- DIRECTIONS FOR THIS TASK
Find the line with "Minions hi, Παιδικό" in the records below. Copy it and every line after it, up to and including the line with "그리고 추가로 2단계 인증까지 해보겠습니다!".

- LISTED RECORDS

• • • •

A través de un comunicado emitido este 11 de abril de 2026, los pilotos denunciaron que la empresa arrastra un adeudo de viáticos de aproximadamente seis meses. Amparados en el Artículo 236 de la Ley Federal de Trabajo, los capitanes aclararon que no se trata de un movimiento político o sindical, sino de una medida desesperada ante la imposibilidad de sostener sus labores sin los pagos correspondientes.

• • • •

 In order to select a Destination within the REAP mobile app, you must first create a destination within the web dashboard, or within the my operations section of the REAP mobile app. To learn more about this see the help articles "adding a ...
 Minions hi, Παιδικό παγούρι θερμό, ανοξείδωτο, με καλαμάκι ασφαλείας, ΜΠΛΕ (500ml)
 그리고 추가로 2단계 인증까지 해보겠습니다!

• • • •

- WRITTEN RESPONSE
 Minions hi, Παιδικό παγούρι θερμό, ανοξείδωτο, με καλαμάκι ασφαλείας, ΜΠΛΕ (500ml)
 그리고 추가로 2단계 인증까지 해보겠습니다!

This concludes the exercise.